The Search & Matching Process

Overview

Enigma’s search system finds the entity in Enigma’s data that best matches the information you have — whether its a brand, an operating location, or a legal entity.

To search, you provide identifying information about the entity, such as its name, address, website. Enigma then returns the best-matching entity based on your input.

Under the hood, the search process combines a retrieval engine with a ranking model.

  1. Retrieval surfaces potential candidate entities from Enigma’s database.
  2. Ranking evaluates and scores those candidates to determine how likely they are to represent the same real-world entity.

Together, these components balance recall and precision, to return accurate, high-confidence results.

Matching is Searching with One Result

Whether you type your inputs into the search bar in the Enigma Console or submit them to one of Enigma's APIs, the underlying search system is the same. The general process is typically referred to as “Searching,” whereas programmatically retrieving the first result of a search is typically referred to as “Matching.”

Entity Linking and Search Flexibility

To search, you first specify the type of entity you want to retrieve — a brand, an operating location, or a legal entity. You can then search for that entity using any identifying information you have available, even if that information originates from another related entity type. For instance, you can search for:

  • A brand using the name of the legal entity that owns it.
  • A brand using the address of one of its operating locations.
  • A legal entity using the brand name it operates under.

This flexibility is made possible by the links within Enigma’s data model. Using these relationships, the search system can interpret your input holistically and surface the most relevant results — even when the information provided describes a related aspect of the business rather than the exact entity type requested.

Input Fields

Enigma can search for entities with any of the following inputs:

CategoryInput FieldsBrandOperating LocationLegal Entity
Business NameName
AddressstreetAddress1, streetAddress2, city, state, zip
Person NamefirstName, lastName
WebsiteWebsite
Phone NumberPhone Number

Every search request must include at least one of the following identifying fields: a business name, a website, or a person’s first and last name. All other inputs are optional, but more complete and representative data typically improves the quality and confidence of the results.

The Matching Process

You don’t need perfect information to find the right business.

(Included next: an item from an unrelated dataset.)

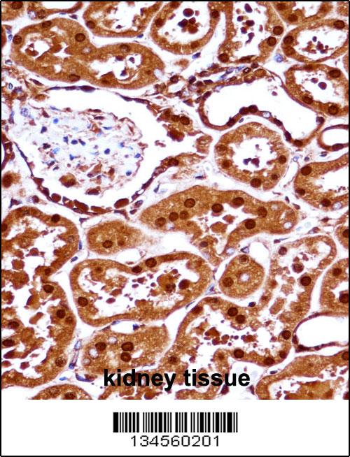 SET Antibody (N-term) (APR03978G)immunohistochemistry analysis in formalin fixed and paraffin embedded human kidney tissue followed by peroxidase conjugation of the secondary antibody and DAB staining.This data demonstrates the use of SET Antibody (N-term) for immunohistochemistry. Clinical relevance has not been evaluated. |

Enigma’s search system is designed to match imperfect or partial inputs — like a misspelled name, an incomplete address, or a missing website — to the correct entity. It then evaluates a combination of features to measure how closely your input matches what’s in Enigma’s data — for instance, by comparing similarities across names, websites, and addresses. Finally, it returns the results that best match your input and chosen entity type, filtered by our accuracy standards.

When there isn’t enough evidence to suggest a good match, the system returns no result — in order to avoid false positives (incorrect matches).

Optimized for precision

Based on labeled evaluation data, Enigma’s search precision is about 94% for searches of all three entities. The precision of your results largely depends on the quality and completeness of your input data. The cleaner and more representative the inputs, the more precise the results. Reach out to us for best practices if you’re working with dirty input data.

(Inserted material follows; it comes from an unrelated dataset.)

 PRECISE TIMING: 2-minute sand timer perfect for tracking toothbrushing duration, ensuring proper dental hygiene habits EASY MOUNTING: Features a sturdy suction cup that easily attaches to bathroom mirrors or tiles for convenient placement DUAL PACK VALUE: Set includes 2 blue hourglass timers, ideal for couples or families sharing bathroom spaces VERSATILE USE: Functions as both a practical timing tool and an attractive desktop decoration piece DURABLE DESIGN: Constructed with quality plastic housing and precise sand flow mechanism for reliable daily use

When a search request is submitted, Enigma’s system performs a two-stage process: retrieval and ranking.

Retrieval

The query first passes through Enigma’s retrieval service, which uses a fast search index to identify a broad set of potential candidate records from Enigma’s database.

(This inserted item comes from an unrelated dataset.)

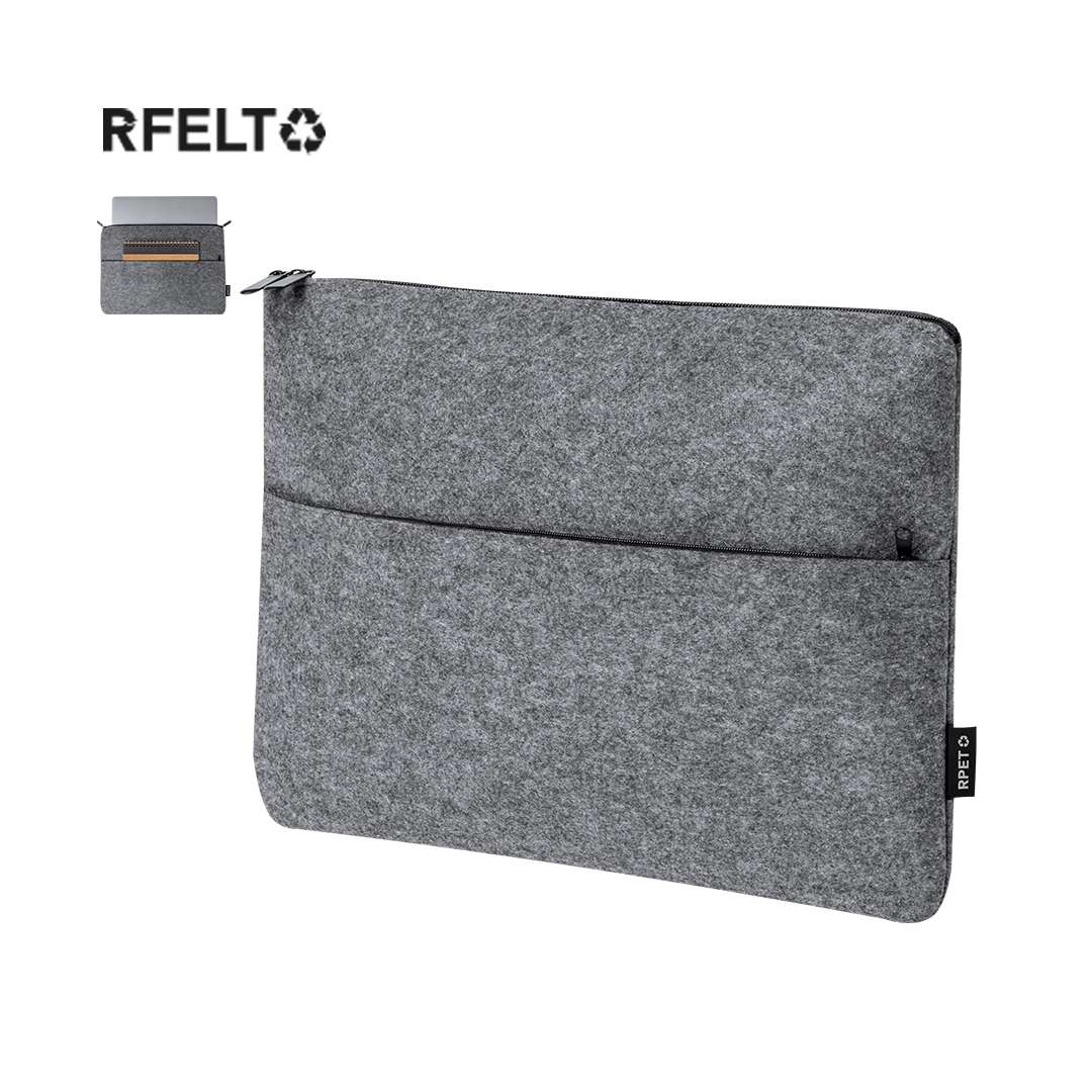 Custodia per computer portatile in feltro RPET. Tasca principale imbottita con chiusura a zip, per laptop fino a 15", e tasca frontale per oggetti più piccoli. Logo RPET sull'etichetta. Il feltro RPET è il risultato della combinazione del processo di riciclo delle materie plastiche con la tecnica millenaria di produzione del feltro, dando vita a un materiale di eco-tendenza che, oltre a essere di origine riciclata, diventa anche riciclabile.

Before the search begins, the system cleans and standardizes all input fields to ensure consistent, high-quality results.

  • Text fields are normalized — extra spaces are removed, and casing is standardized for uniform comparison.
  • Addresses are parsed and standardized into consistent components such as street, city, state, and postal code.
  • Website URLs are decomposed into their core parts (domain, subdomain, top-level domain) to improve recognition across variations.
  • Phone numbers are normalized into a canonical format.

This preprocessing step ensures that even if your input data varies in formatting or structure, the retrieval service can surface the most relevant candidate records for scoring. These candidates represent entities that are likely to correspond to your input based on attributes like name, address, and website.

Ranking

  1. Model Evaluation

    Once candidate records are retrieved, each is evaluated by Enigma’s ranking service — a machine-learning system that estimates how likely each candidate refers to the same entity as the user’s input.

    For every input–candidate pair, the system computes a series of similarity measures across key fields such as:

    • How closely the business names align (including shared words and variants)
    • Whether phone numbers are identical or closely related
    • How similar the websites or domains are
    • Geographic consistency — whether they appear in the same city or state
    • Address structure and text overlap

    These similarity values capture the degree of alignment between your input and each candidate, and they form the raw ingredients for the model’s decision-making. The ranking model then uses the learned weights to calculate a match probability, representing how likely it is that the input and candidate refer to the same underlying entity. This approach allows the system to balance multiple signals and produce consistent, data-driven match scores across a wide range of input types and data qualities.

  2. Ranking & Output

    After probabilities are computed for all candidates, results are ranked in descending order of their match probability. The top-ranked entities are those with the highest likelihood of being true positive (correct) matches.

    Enigma’s search models continuously evolve as new data is incorporated and more links are added to Enigma’s Data Model, increasing both recall (match rate) and precision (match correctness).